Time Period3 Months [change]
DirectionMoves Together 
StrengthStrong
Accuracy100.0%
ValuesDaily Returns

Technology Select Sector  vs.  Industrial Select Sector

 Performance 
       Timeline  
Technology Select Sector 

Risk-Adjusted Performance

4 of 100

 
Weak
 
Strong
Insignificant
Compared to the overall equity markets, risk-adjusted returns on investments in Technology Select Sector are ranked lower than 4 (%) of all global equities and portfolios over the last 90 days. Despite quite persistent essential indicators, Technology Select is not utilizing all of its potentials. The latest stock price mess, may contribute to short-term losses for the institutional investors.
Industrial Select Sector 

Risk-Adjusted Performance

12 of 100

 
Weak
 
Strong
Good
Compared to the overall equity markets, risk-adjusted returns on investments in Industrial Select Sector are ranked lower than 12 (%) of all global equities and portfolios over the last 90 days. Despite fairly weak essential indicators, Industrial Select may actually be approaching a critical reversion point that can send shares even higher in December 2024.

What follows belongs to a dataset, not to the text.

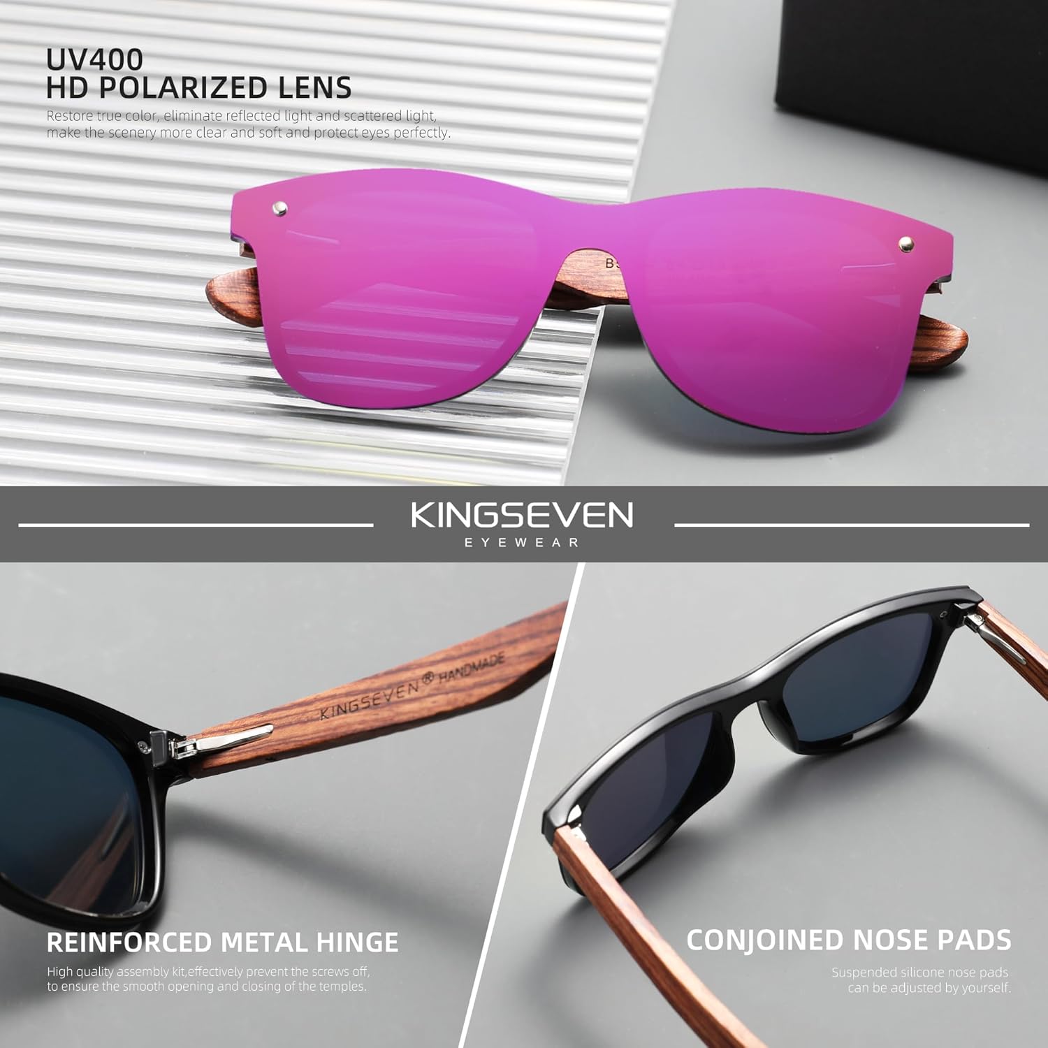 KINGSEVEN Wooden Sunglasses - Polarized UV 400 Protection Mirrored Lenses B-5504 Elevate your style and protect your eyes with the KINGSEVEN Wooden Sunglasses, expertly crafted for both men and women. Featuring a unique Bubinga wood frame, these sunglasses combine elegance and durability, making them a perfect accessory for any occasion. Designed with polarized lenses, our sunglasses provide superior glare reduction, ensuring crystal-clear vision whether you're at the beach, driving, or enjoying outdoor activities. The UV 400 Protection shields your eyes from harmful rays, giving you peace of mind while you soak up the sun. The mirrored lenses not only add a touch of modern sophistication but also enhance your visual experience by reducing brightness and improving clarity. Lightweight and comfortable, these wooden sunglasses are ideal for all-day wear. Whether you're shopping for mens sunglasses polarized or stylish sunglasses for women, the KINGSEVEN Wooden Sunglasses B-5504 offer the perfect blend of functionality and fashion. Make a statement while keeping your eyes safe.

Technology Select and Industrial Select Volatility Contrast

   Predicted Return Density   
       Returns  

Pair Trading with Technology Select and Industrial Select

The main advantage of trading using opposite Technology Select and Industrial Select positions is that it hedges away some unsystematic risk. Because of two separate transactions, even if Technology Select position performs unexpectedly, Industrial Select can make up some of the losses. Pair trading also minimizes risk from directional movements in the market. For example, if an entire industry or sector drops because of unexpected headlines, the short position in Industrial Select will offset losses from the drop in Industrial Select's long position.
The idea behind Technology Select Sector and Industrial Select Sector pairs trading is to make the combined position market-neutral, meaning the overall market's direction will not affect its win or loss (or potential downside or upside). This can be achieved by designing a pairs trade with two highly correlated stocks or equities that operate in a similar space or sector, making it possible to obtain profits through simple and relatively low-risk investment.
Check out your portfolio center.
Note that this page's information should be used as a complementary analysis to find the right mix of equity instruments to add to your existing portfolios or create a brand new portfolio. You can also try the Aroon Oscillator module to analyze current equity momentum using Aroon Oscillator and other momentum ratios.